• The task
Leaving out every picture, copy the lines of the material below exactly, from the line containing "Rutan Long-EZ &" through the line containing "Treatment with Apremilast was".

• Entries provided
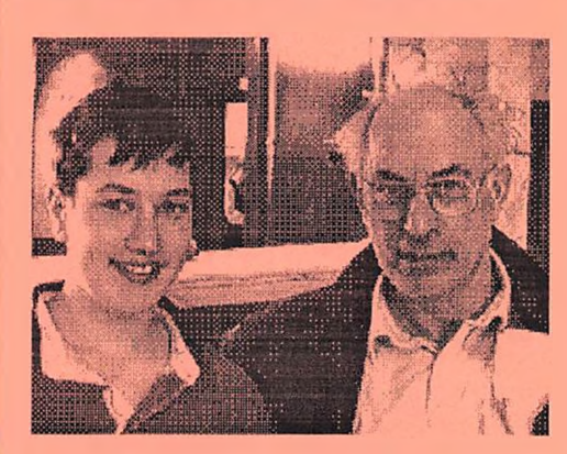
A guest and its young in their native habitat (the bar).
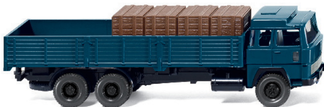
0433 02 High-sided flatbed truck (Magirus 235 D)
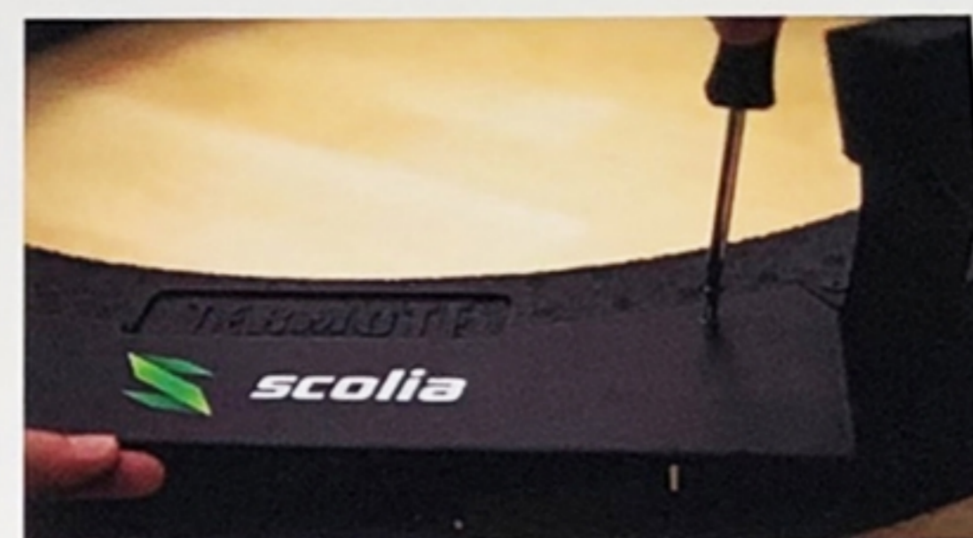
3 Attach the cover plate
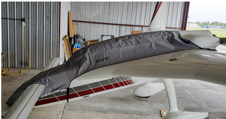
Rutan Long-EZ & Berkut Travel Cover, Light Weight Canopy/Nose Cover

Travel Covers are made with Silver Solution-Dyed Polyester fabric and only lined over the windshield to save weight. The material is lightweight and more compact for easy stowage in the aircraft. The polyester material is water resistant, but only intended for occasional use outside. We also have an ultra lightweight material available for fitted hangar dust covers. For daily outdoor use, the non-travel Sunbrella Cover is the best choice.
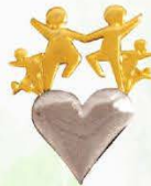
Children on Heart - Pin -
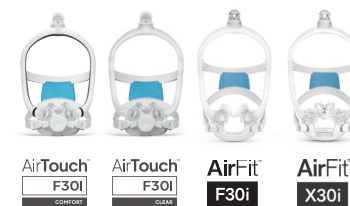
AirTouch™ F30i Comfort
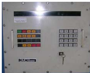
this obsolete pushbutton DMC can now be upgraded to...

We are pleased to announce that we now have the ability to upgrade the DMC-410, DMC-450, and the RM-206. Having been thoroughly tested in house for several months, our first DMC upgrade gauge will be in the field soon!
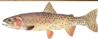
Yellowstone Cutthroat Trout
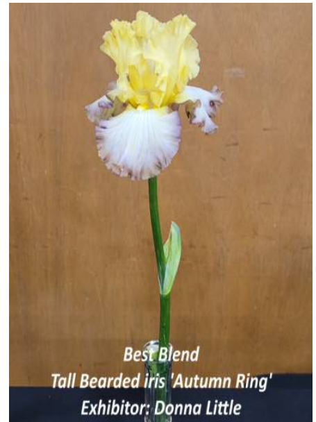
Best Blend Tall Bearded iris 'Autumn Ring' Exhibitor: Donna Little (right)
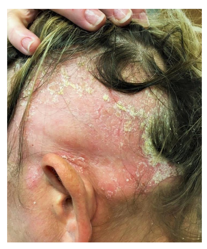
Figure 1. Ophiasic alopecia areata before treatment with Apremilast.

Treatment with Apremilast was started as label dosing, and after 6 weeks the patient showed significant improvement in psoriasis lesions with reduced erythema and scaling, and marked improvement of pruritus. Interestingly, significant hair regrowth was seen on the scalp (Fig. 2), and with the on-going Apremilast therapy, hair continued to grow until it achieved complete regrowth.
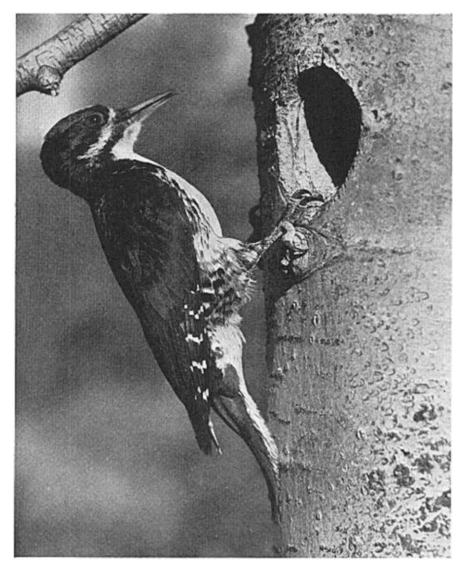
Fig. 68. Male Arctic Three-toed Woodpecker at nest at Gold Lake, California.

male had two grubs held crosswise far back in his bill; the rest of the time the grubs were held lengthwise. Although the total number of visits to the nest was about evenly divided between male and female, it was apparent that they were not always in rotation but rather that there were three or four visits by one parent, then three or four by the other with occasional alternate visits.
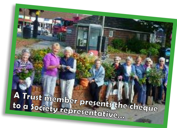
A Trust member presents the cheque to a Society representative...

The Hampshire Gardens Trust has contributed £200 to Hedge End Horticultural Society to provide shrubs for the Hedge End Town Green. Since last year the Society has ably taken over the care and maintenance of the Green from the Town Council.
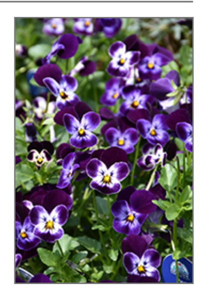
Sorbet Phantom Pansy flowers

• Exercise output
Rutan Long-EZ & Berkut Travel Cover, Light Weight Canopy/Nose Cover

Travel Covers are made with Silver Solution-Dyed Polyester fabric and only lined over the windshield to save weight. The material is lightweight and more compact for easy stowage in the aircraft. The polyester material is water resistant, but only intended for occasional use outside. We also have an ultra lightweight material available for fitted hangar dust covers. For daily outdoor use, the non-travel Sunbrella Cover is the best choice.
Children on Heart - Pin -
AirTouch™ F30i Comfort
this obsolete pushbutton DMC can now be upgraded to...

We are pleased to announce that we now have the ability to upgrade the DMC-410, DMC-450, and the RM-206. Having been thoroughly tested in house for several months, our first DMC upgrade gauge will be in the field soon!
Yellowstone Cutthroat Trout
Best Blend Tall Bearded iris 'Autumn Ring' Exhibitor: Donna Little (right)
Figure 1. Ophiasic alopecia areata before treatment with Apremilast.

Treatment with Apremilast was started as label dosing, and after 6 weeks the patient showed significant improvement in psoriasis lesions with reduced erythema and scaling, and marked improvement of pruritus. Interestingly, significant hair regrowth was seen on the scalp (Fig. 2), and with the on-going Apremilast therapy, hair continued to grow until it achieved complete regrowth.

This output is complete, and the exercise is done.